What is a Digital Native Vertical Brand?
When looking into the definition of a digitally native vertical brand, one of the most helpful things to do is to examine the term’s constituent parts—”digital native” and “vertical brand.”
Digital Native Brands
A digital native business primarily started by selling products or services via the internet. As we all know, tons of companies fit this description, including direct-to-customer brands (DTC brands), retail brands, freelance service companies, and even online retailers.
The digital native business came as a paradigm shift for vertical commerce, providing a break from the brick-and-mortar norms. Eventually, it forced many of these brick-and-mortar stores to open websites and online stores and eventually branch into the internet age. Thanks to the growth in demand for convenience, businesses are now providing users with the opportunity to pay for their products and get them delivered to their doorstep.

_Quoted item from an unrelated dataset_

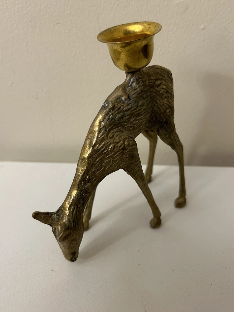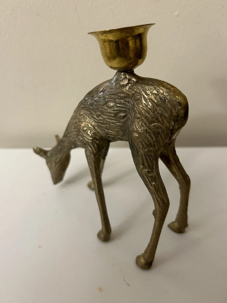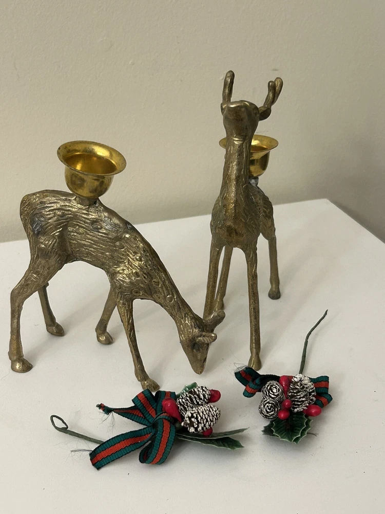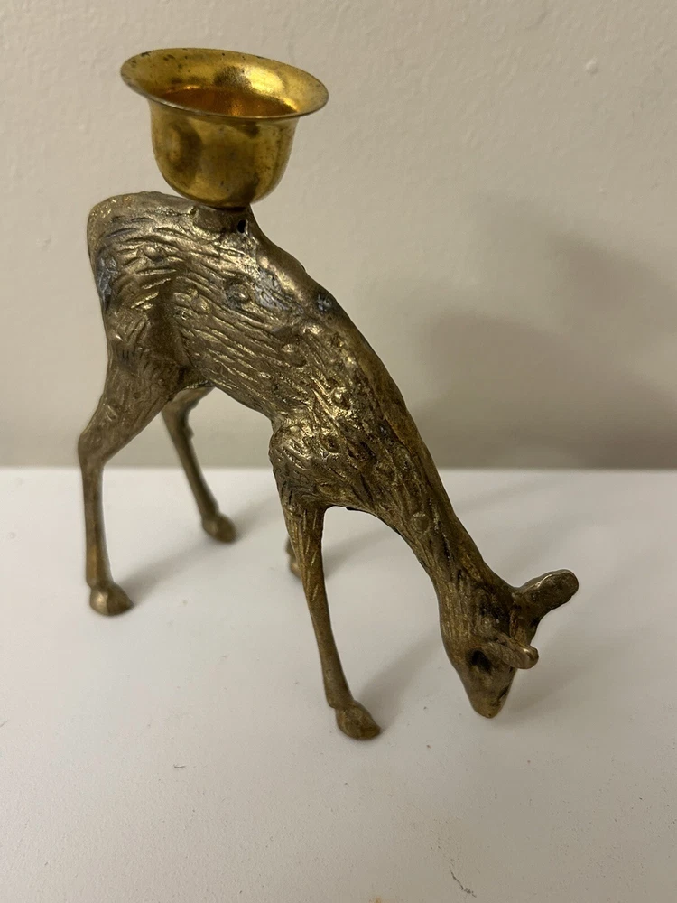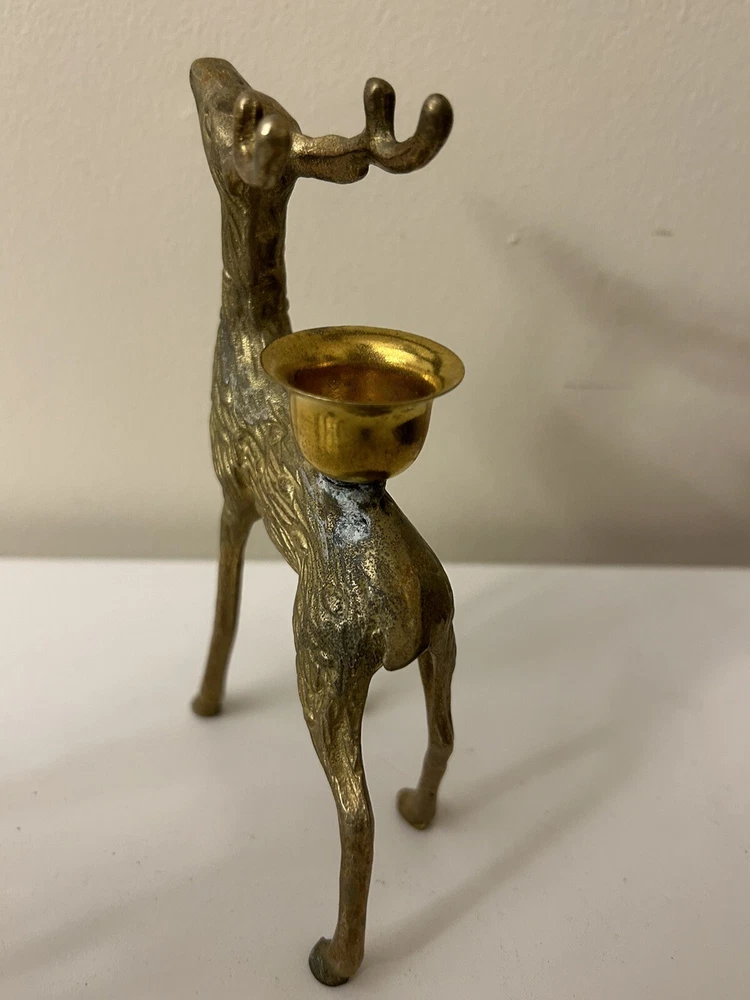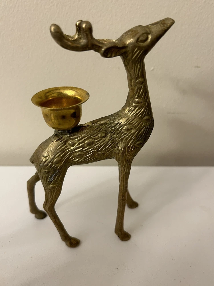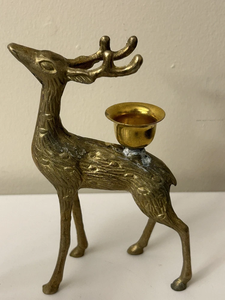 Vintage Brass Deer Reindeer Candle Holders Taper Candlestick Buck Doe Set Of 2 Christmas around the World Good vintage Condition- in original refer to pictures- minor wear to metal

Of course, the fact that a company is considered a digitally native vertical brand doesn’t necessarily mean they can’t have physical offices or storefronts. Many digital native companies started by putting their operations online, then even branched out to develop brick-and-mortar stores.
Alternatively, a vertical brand (or vertical company) is one that has control over the experience and product (or service) that they sell. They own the entire supply chain, seeing products move from the factory directly to the consumer. One of the primary benefits of owning a vertical brand is the opportunity for customization. You can personalize products for your customers and ensure that they get only the best.
In addition, owning a vertical startup provides space for better quality control, enhanced customer support, and more. Your business can take valuable information from your niche and use it to improve their experience. The data will also help you to enhance customization and personalization in your regular communications with the customers.
It is worth noting that brands that sell through online retail platforms (like Amazon or Nordstrom) might not necessarily be a vertical brands. This is because they lack control over the critical customer experience component. Simultaneously, a company that designs its products and sells them through its brick-and-mortar stores or online service can be considered vertically integrated.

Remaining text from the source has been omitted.